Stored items
- - - - - - -
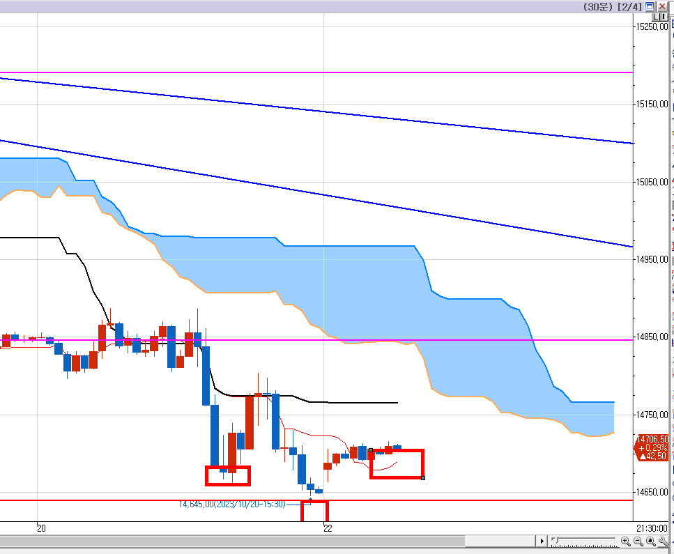금요일 밤 첫번째 박스 매수진입 후 홀딩~
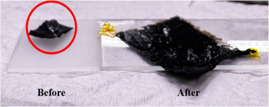 Fig. 2는 산소 플라즈마 처리 전, 후의 탄소나노튜브 시트에 초순수를 떨어뜨린 실험결과이다. 이는 표면의 산소관능기에 의해 탄소나노튜브로 초순수가 흡수되는지를 확인하기 위해 진행하였다. 그 결과 플라즈마 처리 전 탄소나노튜브 시트는 초순수가 침투하지 못하여 물방울의 형태를 유지하는 반면에 플라즈마 처리 후 탄소나노튜브 시트는 초순수가 침투하여 완전히 스며든 것을 확인하였다. 이러한 결과를 통해 산소 플라즈마 처리 후 표면에 산소관능기가 형성되고 이를 통해 탄소나노튜브 시트가 소수성의 특성에서 친수성으로 변화한 것을 알 수 있다.
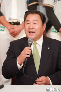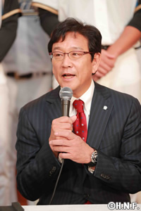 「報道の皆様におかれましては、ご多忙のところ足をお運びいただき、誠にありがとうございます。歴史的建造物であり国の重要文化財である豊平館でこのような会見を催すことができ、本当にうれしく思いますし、関係の皆様方に感謝申し上げます。先ほど壇上の8名と本契約を結ばせていただきました。各スカウトが自信と誇りをもって選んできた選手ばかりです。来年からのさらなる連覇を支えてくれるものと期待しているところです。野球を通じて社会に貢献してほしい、強い存在感のある人間に育ってほしいと申し上げました。野球で成功する、ファンに感謝する、そして北海道に必要な人間になる、この三点を守ってほしいと伝えました。どうぞよろしくお願い申し上げます」
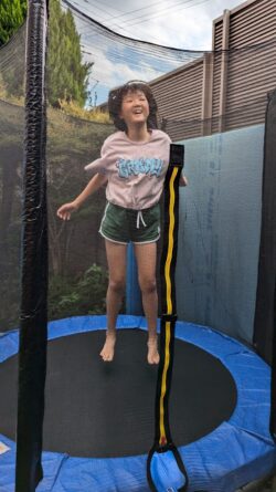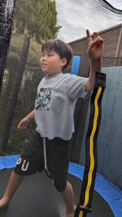順番を守りながらジャンプして体を思いきり動かし、元気いっぱいに楽しみました。ふわっと浮く感覚に「もう一回やりたい!」と大人気でした✨
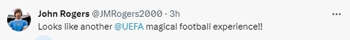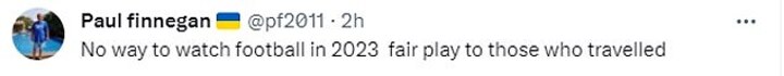 Other users hit out at European football's governing body as they fumed: 'Looks like another @UEFA magical football experience', with another adding: 'No way to watch football in 2023. Fair play to those who travelled.'
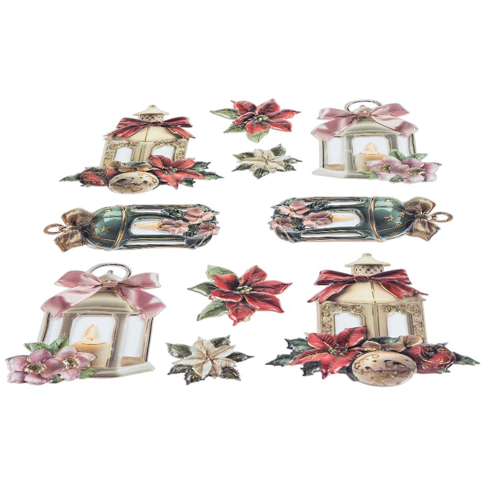 Produktinformationen "3-D Relief-Sticker, Porzellan-Optik, Weihnachtsschmuck & Laternen, versch. Größen, 5 Bogen"
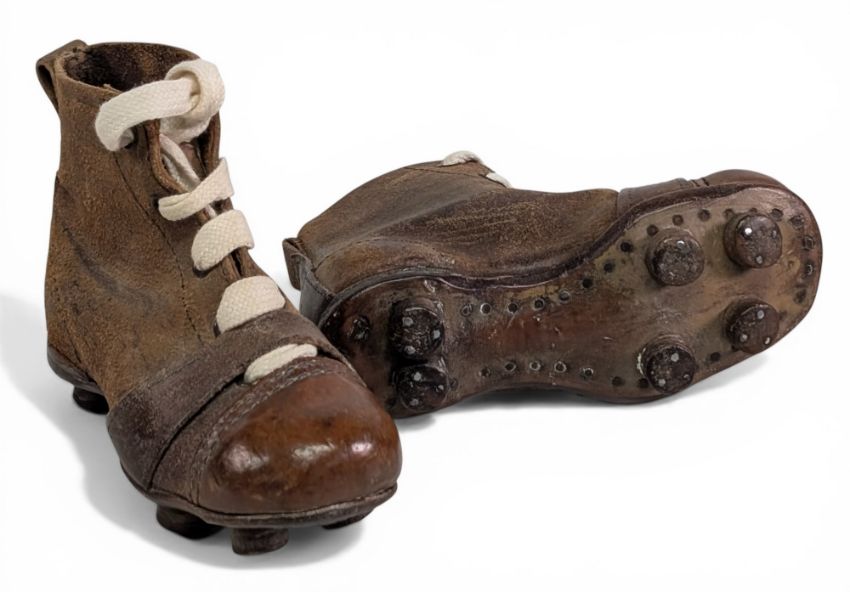 Pair of period c1920 child’s leather Football Boots, with hammer leather soles and studs, look unused, #17cm long
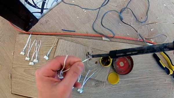 ΠΠ°ΡΠ΅ΠΌ ΠΈΠ· ΠΏΠΎΠ»ΡΡΠ΅Π½Π½ΠΎΠ³ΠΎ ΠΎΡΠ²Π΅ΡΡΡΠΈΡ ΠΈΠ·Π²Π»Π΅ΠΊΠ°Π΅ΡΡΡ ΠΊΠ°Π±Π΅Π»Ρ. ΠΠ³ΠΎ Π½Π°Π΄ΠΎ ΠΏΠΎΠ΄Π³ΠΎΡΠΎΠ²ΠΈΡΡ Π΄Π»Ρ ΠΏΡΠΈΡΠΎΠ΅Π΄ΠΈΠ½Π΅Π½ΠΈΡ ΠΊ ΠΈΡΡΠΎΡΠ½ΠΈΠΊΡ ΡΠ²Π΅ΡΠ°.
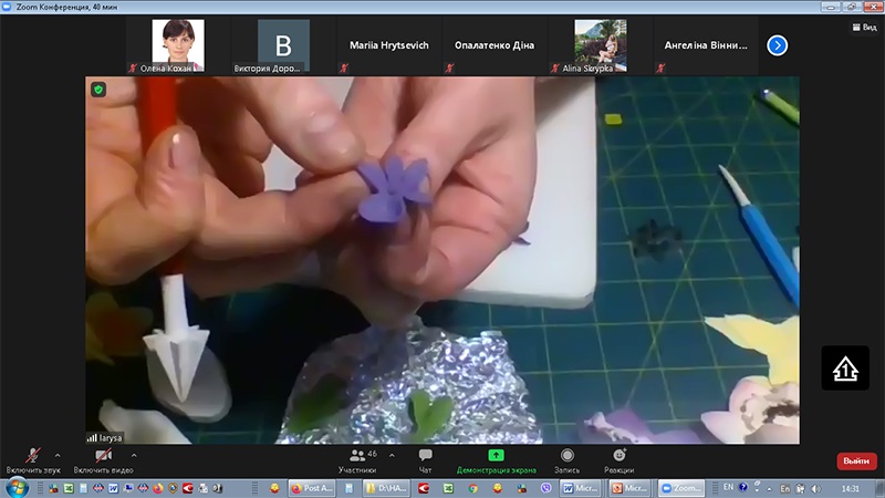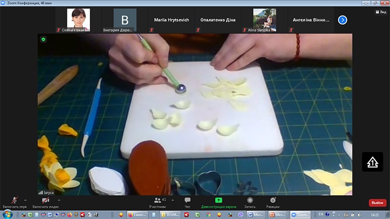 Частина зустрічі була присвячена майстер-класу по виготовленню квітів із цукрової маси. Здобувачі дізналися, що такі солодкі квіти можна виготовляти з шоколаду, цукрової, бобової та рисової пасти. У режимі реального часу фахівчиня продемонструвала процес виготовлення цукрових квітів (нарцису та лісової фіалки), розповіла про необхідний інструмент і техніку виготовлення.
- - - - - - -
Task objective: Without the images, print all of the lines above exactly.

Answer to this problem:
금요일 밤 첫번째 박스 매수진입 후 홀딩~
 Fig. 2는 산소 플라즈마 처리 전, 후의 탄소나노튜브 시트에 초순수를 떨어뜨린 실험결과이다. 이는 표면의 산소관능기에 의해 탄소나노튜브로 초순수가 흡수되는지를 확인하기 위해 진행하였다. 그 결과 플라즈마 처리 전 탄소나노튜브 시트는 초순수가 침투하지 못하여 물방울의 형태를 유지하는 반면에 플라즈마 처리 후 탄소나노튜브 시트는 초순수가 침투하여 완전히 스며든 것을 확인하였다. 이러한 결과를 통해 산소 플라즈마 처리 후 표면에 산소관능기가 형성되고 이를 통해 탄소나노튜브 시트가 소수성의 특성에서 친수성으로 변화한 것을 알 수 있다.
 「報道の皆様におかれましては、ご多忙のところ足をお運びいただき、誠にありがとうございます。歴史的建造物であり国の重要文化財である豊平館でこのような会見を催すことができ、本当にうれしく思いますし、関係の皆様方に感謝申し上げます。先ほど壇上の8名と本契約を結ばせていただきました。各スカウトが自信と誇りをもって選んできた選手ばかりです。来年からのさらなる連覇を支えてくれるものと期待しているところです。野球を通じて社会に貢献してほしい、強い存在感のある人間に育ってほしいと申し上げました。野球で成功する、ファンに感謝する、そして北海道に必要な人間になる、この三点を守ってほしいと伝えました。どうぞよろしくお願い申し上げます」
順番を守りながらジャンプして体を思いきり動かし、元気いっぱいに楽しみました。ふわっと浮く感覚に「もう一回やりたい!」と大人気でした✨
 Other users hit out at European football's governing body as they fumed: 'Looks like another @UEFA magical football experience', with another adding: 'No way to watch football in 2023. Fair play to those who travelled.'
 Produktinformationen "3-D Relief-Sticker, Porzellan-Optik, Weihnachtsschmuck & Laternen, versch. Größen, 5 Bogen"
 Pair of period c1920 child’s leather Football Boots, with hammer leather soles and studs, look unused, #17cm long
 ΠΠ°ΡΠ΅ΠΌ ΠΈΠ· ΠΏΠΎΠ»ΡΡΠ΅Π½Π½ΠΎΠ³ΠΎ ΠΎΡΠ²Π΅ΡΡΡΠΈΡ ΠΈΠ·Π²Π»Π΅ΠΊΠ°Π΅ΡΡΡ ΠΊΠ°Π±Π΅Π»Ρ. ΠΠ³ΠΎ Π½Π°Π΄ΠΎ ΠΏΠΎΠ΄Π³ΠΎΡΠΎΠ²ΠΈΡΡ Π΄Π»Ρ ΠΏΡΠΈΡΠΎΠ΅Π΄ΠΈΠ½Π΅Π½ΠΈΡ ΠΊ ΠΈΡΡΠΎΡΠ½ΠΈΠΊΡ ΡΠ²Π΅ΡΠ°.
 Частина зустрічі була присвячена майстер-класу по виготовленню квітів із цукрової маси. Здобувачі дізналися, що такі солодкі квіти можна виготовляти з шоколаду, цукрової, бобової та рисової пасти. У режимі реального часу фахівчиня продемонструвала процес виготовлення цукрових квітів (нарцису та лісової фіалки), розповіла про необхідний інструмент і техніку виготовлення.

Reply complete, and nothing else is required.